What to work on ▸
Your answer must be the records below, given again exactly, with no pictures in it.

::::::

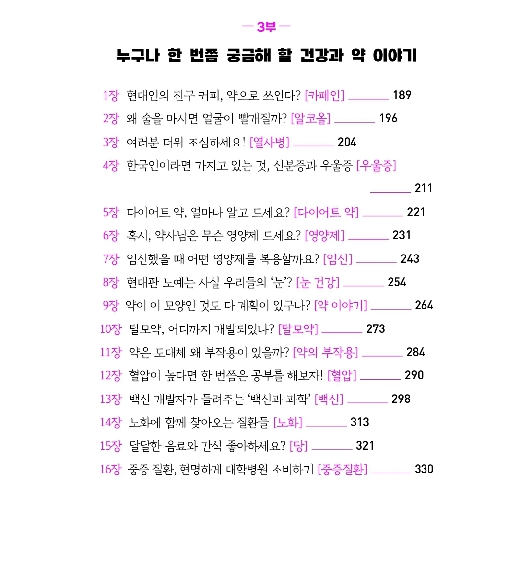 책은 3부로 나뉘어있고, 각각 12, 11, 16 장(총 39장)으로 구성되어있다 (총 346 page). 39장 중 14개의 이야기를 메거진으로 발행하였을 때, 어려운 글임에도 조회수가 골고루 높게 나온 것을 보고 많은 사람들이 건강에 관심이 많다는 것을 새삼 느끼게 되었었다.
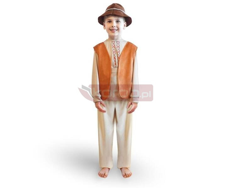 ZESTAW DLA DZIECI PASTUSZEK Rozmiar: 110/120 cm Materiał: poliester Zestaw zawiera: bluzka, spodnie, pasek, kamizelka, nakrycie głowy Ilość sztuk w opakowaniu: 1
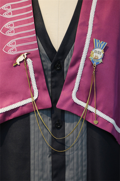 据了解,新版学位服为袍披挂式设计,分校领导服、导师服、学士服三种,每套学位服由学位袍、披肩、学位帽、徽章四部分组成。学位袍借鉴楚服“交领右衽”的形制特点,采用交领设计,前襟以绗缝明线搭配纽扣,兼顾仪式感与穿着便捷性。而饰白色滚边的披肩,呈斗篷样式,绣有荆楚云纹简化刺绣图案,边缘以流畅弧线收口,且以UV热转印工艺,将学校图书馆建筑廓形镌印其上,其形态与楚式深衣的灵动之美相呼应,打破了传统学位服的单调之感。
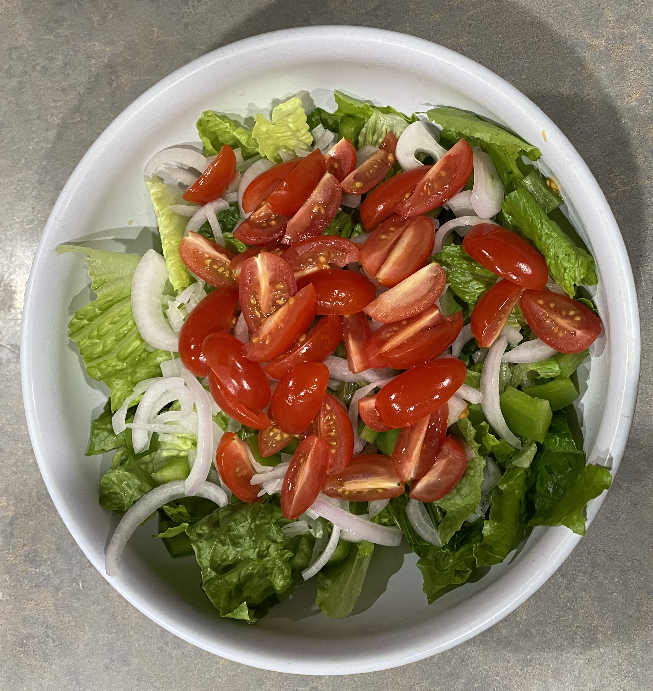 End trim, peel and slice onion roughly 1/8” thick – fine dice 1 cup and toss into a large mixing bowl.
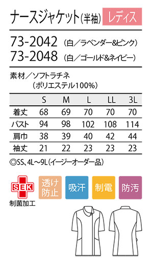 住商モンブラン(MONTBLANC) メディカルユニフォーム 73-2042.73-2048/ナースジャケット(半袖)
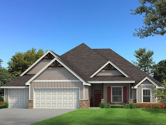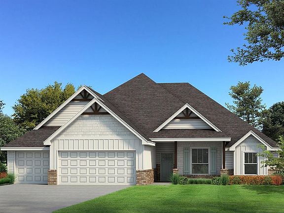OVERSIZED CORNER LOT NEAR AMENITIES IN PRAIRIE MEADOWS! This Cornerstone Bonus Room-5 bedroom floorplan includes 3,230 Sqft of total living space, which includes 2,950 Sqft of indoor living space & 280 Sqft of outdoor living space. Home offers 5 bedrooms, 3 full bathrooms w/ UPGRADED HARDWARE, 2 dining areas, a spacious study, a mudbench, a utility room w/ UPGRADED HARDWARE, & a 3 car garage w/ a storm shelter installed. Living room has a gorgeous coffered ceiling, a gas fireplace w/ our stacked stone surround detail, two 7' windows, wood-look tile, a ceiling fan, & a barndoor. Kitchen features stainless-steel appliances, decorative backsplash, upgraded 3 CM countertops, a large center island, stunning pendant lighting, & quality cabinets to ceiling. Prime suite boasts a sloped ceiling detail, our carpet finish, windows, & a ceiling fan. Prime bath features separate vanities, a walk-in shower, a Jetta whirlpool tub, & a walk-in closet. Outdoor living supports a wood-burning fireplace, a TV hookup & a gas line. Other amenities include a whole home air filtration system, a tankless water heater, R-44 insulation, & more!
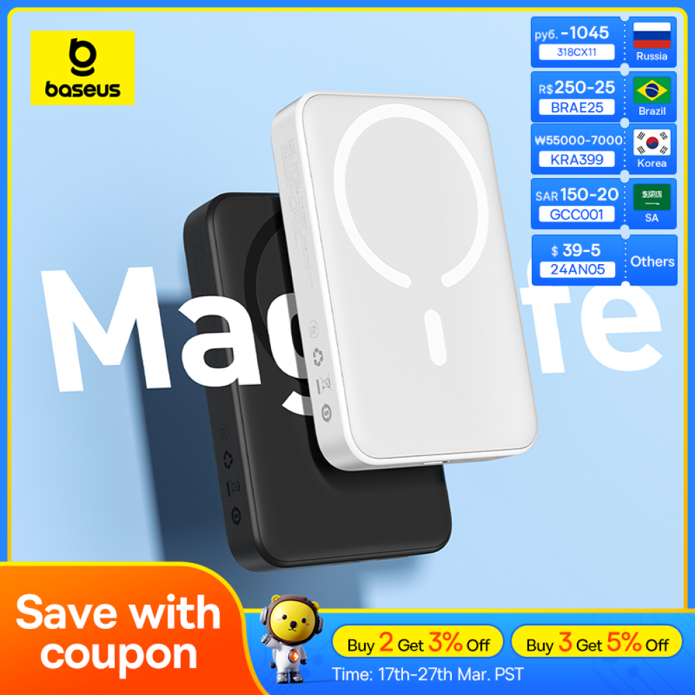 Baseus-باور بانك لاسلكي صغير مغناطيسي ، 10000mAh ، 20000mAh ، شحن سريع ، الاستيقاظ التلقائي ، باور بانك Magsafe لهاتف iPhone 15 ، 14 ، 13 Pro Max
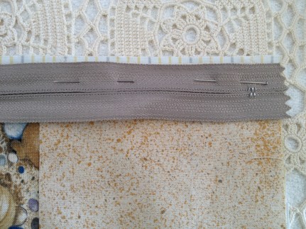 Στερεώνουμε με καρφίτσες το φερμουάρ καλή με καλή, δηλαδή η καλή πλευρά του φερμουάρ θα βλέπει την καλή μεριά του υφάσματος. Καλό είναι οι καρφίτσες να είναι κάθετες στο φερμουάρ (όχι όπως τις βλέπετε στη φωτογραφία), ώστε να περνάει η βελόνα από πάνω τους χωρίς να σπάει.
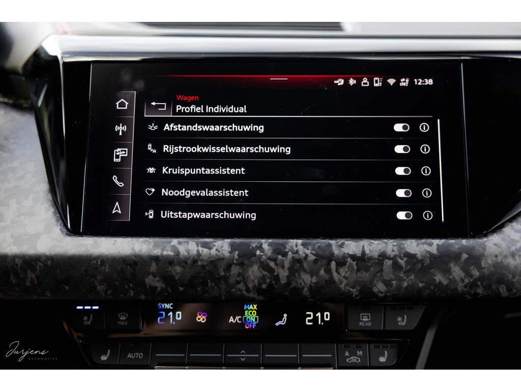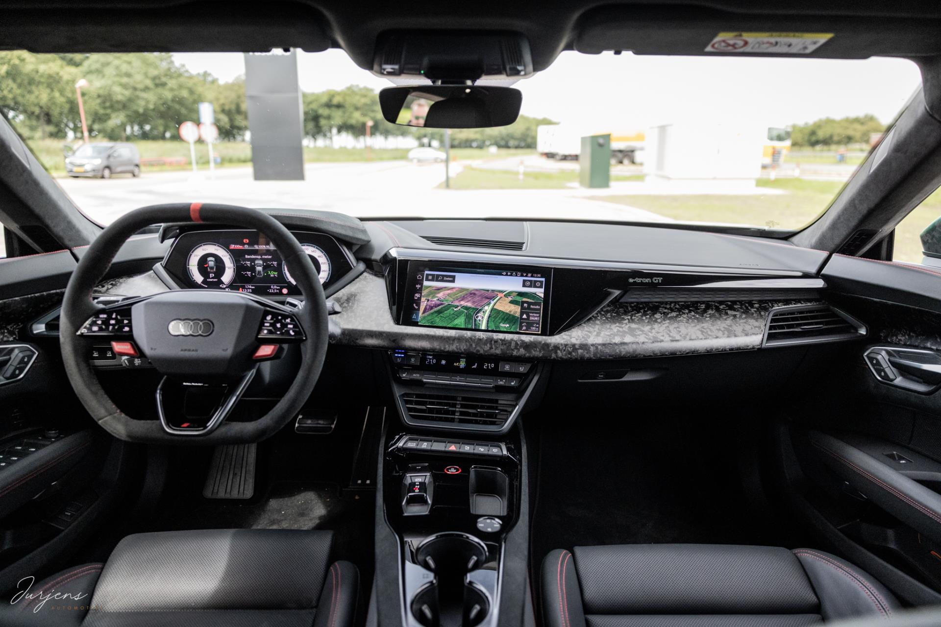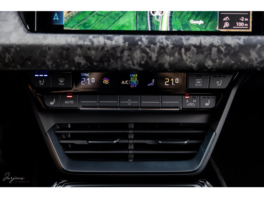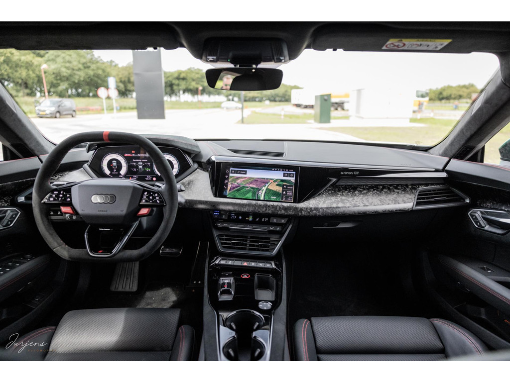 Zoals gezegd is de e-tron uitgerust met praktisch gezien al hetgeen er mogelijk was. Zo zijn de sportstoelen voorzien van massagestanden en zijn alle zitplaatsen voorzien van stoelverwarming en stoelventilatie. Het fenomenale Bang & Olufsen Premium audiosysteem mag niet ontbreken. Het camerasysteem geeft beeld rondom de auto en alle rijassistenten zijn present. Uiteraard voorziet de e-tron in LED Matrix verlichting inclusief laserlicht. Bijzonder is de luchtvering. Bij het instappen verhoogt het de carrosserie met 8 cm in een oogwenk zodat de instap vergemakkelijk wordt. Daarnaast houd deze luchtvering bij extreme rijomstandigheden de koets kaarsrecht. Overigens is de GT RS Performance ook voorzien van vierwielsturing ter verbetering van de balans.
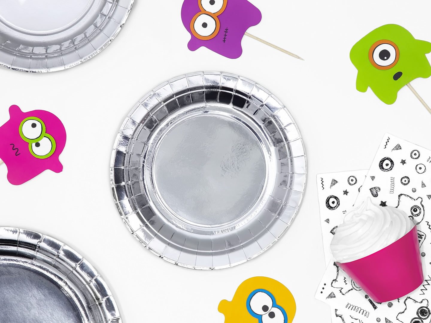 Runde Pappteller, silberfarben, Durchmesser ca. 23 cm (1 VPE / 6 Stk.)
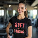 Minimalistische pastellrosa Typografie mit dem Text "Soft but small" in einem sanften, ästhetischen Stil. Ideal für niedliche, leichte und spielerische Geschenke oder Kleidung.
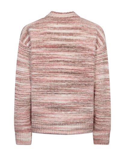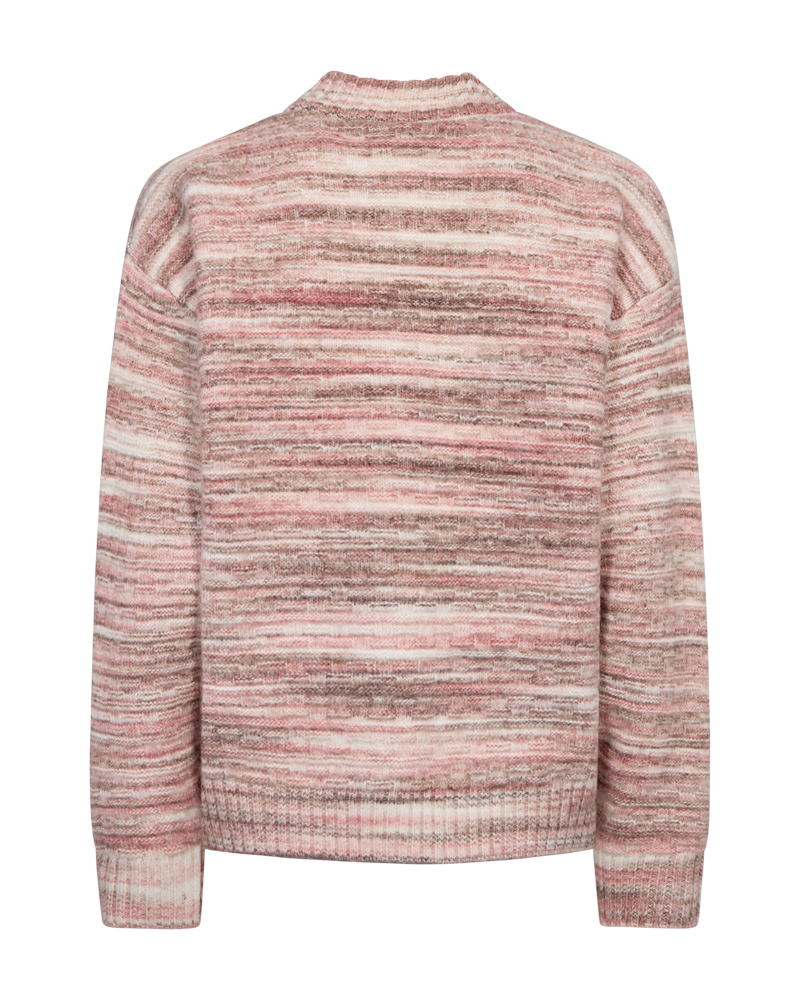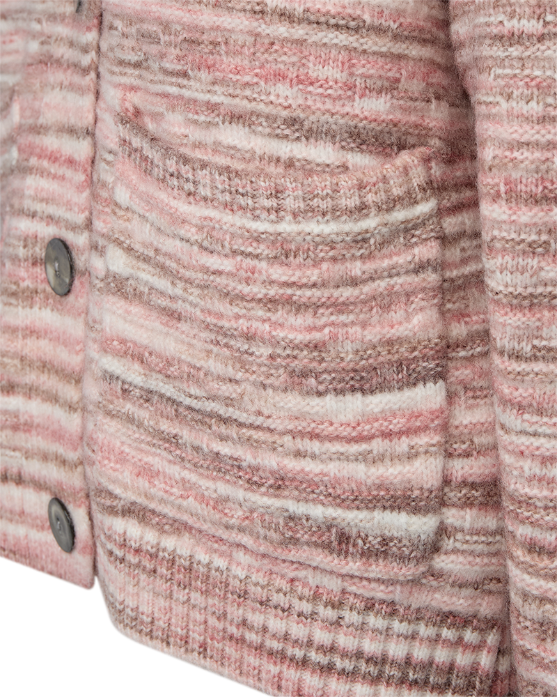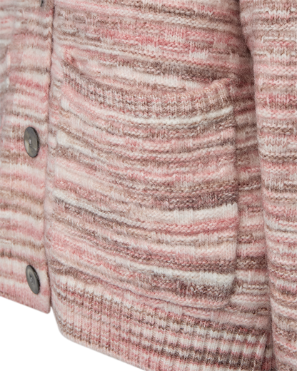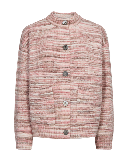 Lækker strik cardigan fra Freequent i rosa toner. De brune og beige farver danner et fint, stribet mønster, der laver en flot effekt. Cardiganen har store lommer foran og lukkes med store knapper. Perfekt til et par brune bukser, så du kan skabe et varmt efterårs outfit.
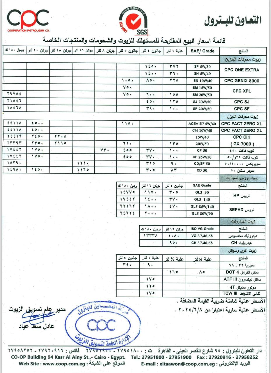 التعاون للبترول تعلن زيادة أسعار الزيوت
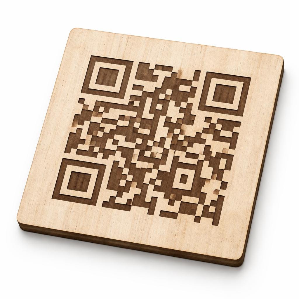 A custom QR code is generated and permanently engraved into the token.

::::::

Answer to this exercise ▸
 책은 3부로 나뉘어있고, 각각 12, 11, 16 장(총 39장)으로 구성되어있다 (총 346 page). 39장 중 14개의 이야기를 메거진으로 발행하였을 때, 어려운 글임에도 조회수가 골고루 높게 나온 것을 보고 많은 사람들이 건강에 관심이 많다는 것을 새삼 느끼게 되었었다.
 ZESTAW DLA DZIECI PASTUSZEK Rozmiar: 110/120 cm Materiał: poliester Zestaw zawiera: bluzka, spodnie, pasek, kamizelka, nakrycie głowy Ilość sztuk w opakowaniu: 1
 据了解,新版学位服为袍披挂式设计,分校领导服、导师服、学士服三种,每套学位服由学位袍、披肩、学位帽、徽章四部分组成。学位袍借鉴楚服“交领右衽”的形制特点,采用交领设计,前襟以绗缝明线搭配纽扣,兼顾仪式感与穿着便捷性。而饰白色滚边的披肩,呈斗篷样式,绣有荆楚云纹简化刺绣图案,边缘以流畅弧线收口,且以UV热转印工艺,将学校图书馆建筑廓形镌印其上,其形态与楚式深衣的灵动之美相呼应,打破了传统学位服的单调之感。
 End trim, peel and slice onion roughly 1/8” thick – fine dice 1 cup and toss into a large mixing bowl.
 住商モンブラン(MONTBLANC) メディカルユニフォーム 73-2042.73-2048/ナースジャケット(半袖)
OVERSIZED CORNER LOT NEAR AMENITIES IN PRAIRIE MEADOWS! This Cornerstone Bonus Room-5 bedroom floorplan includes 3,230 Sqft of total living space, which includes 2,950 Sqft of indoor living space & 280 Sqft of outdoor living space. Home offers 5 bedrooms, 3 full bathrooms w/ UPGRADED HARDWARE, 2 dining areas, a spacious study, a mudbench, a utility room w/ UPGRADED HARDWARE, & a 3 car garage w/ a storm shelter installed. Living room has a gorgeous coffered ceiling, a gas fireplace w/ our stacked stone surround detail, two 7' windows, wood-look tile, a ceiling fan, & a barndoor. Kitchen features stainless-steel appliances, decorative backsplash, upgraded 3 CM countertops, a large center island, stunning pendant lighting, & quality cabinets to ceiling. Prime suite boasts a sloped ceiling detail, our carpet finish, windows, & a ceiling fan. Prime bath features separate vanities, a walk-in shower, a Jetta whirlpool tub, & a walk-in closet. Outdoor living supports a wood-burning fireplace, a TV hookup & a gas line. Other amenities include a whole home air filtration system, a tankless water heater, R-44 insulation, & more!
 Baseus-باور بانك لاسلكي صغير مغناطيسي ، 10000mAh ، 20000mAh ، شحن سريع ، الاستيقاظ التلقائي ، باور بانك Magsafe لهاتف iPhone 15 ، 14 ، 13 Pro Max
 Στερεώνουμε με καρφίτσες το φερμουάρ καλή με καλή, δηλαδή η καλή πλευρά του φερμουάρ θα βλέπει την καλή μεριά του υφάσματος. Καλό είναι οι καρφίτσες να είναι κάθετες στο φερμουάρ (όχι όπως τις βλέπετε στη φωτογραφία), ώστε να περνάει η βελόνα από πάνω τους χωρίς να σπάει.
 Zoals gezegd is de e-tron uitgerust met praktisch gezien al hetgeen er mogelijk was. Zo zijn de sportstoelen voorzien van massagestanden en zijn alle zitplaatsen voorzien van stoelverwarming en stoelventilatie. Het fenomenale Bang & Olufsen Premium audiosysteem mag niet ontbreken. Het camerasysteem geeft beeld rondom de auto en alle rijassistenten zijn present. Uiteraard voorziet de e-tron in LED Matrix verlichting inclusief laserlicht. Bijzonder is de luchtvering. Bij het instappen verhoogt het de carrosserie met 8 cm in een oogwenk zodat de instap vergemakkelijk wordt. Daarnaast houd deze luchtvering bij extreme rijomstandigheden de koets kaarsrecht. Overigens is de GT RS Performance ook voorzien van vierwielsturing ter verbetering van de balans.
 Runde Pappteller, silberfarben, Durchmesser ca. 23 cm (1 VPE / 6 Stk.)
 Minimalistische pastellrosa Typografie mit dem Text "Soft but small" in einem sanften, ästhetischen Stil. Ideal für niedliche, leichte und spielerische Geschenke oder Kleidung.
 Lækker strik cardigan fra Freequent i rosa toner. De brune og beige farver danner et fint, stribet mønster, der laver en flot effekt. Cardiganen har store lommer foran og lukkes med store knapper. Perfekt til et par brune bukser, så du kan skabe et varmt efterårs outfit.
 التعاون للبترول تعلن زيادة أسعار الزيوت
 A custom QR code is generated and permanently engraved into the token.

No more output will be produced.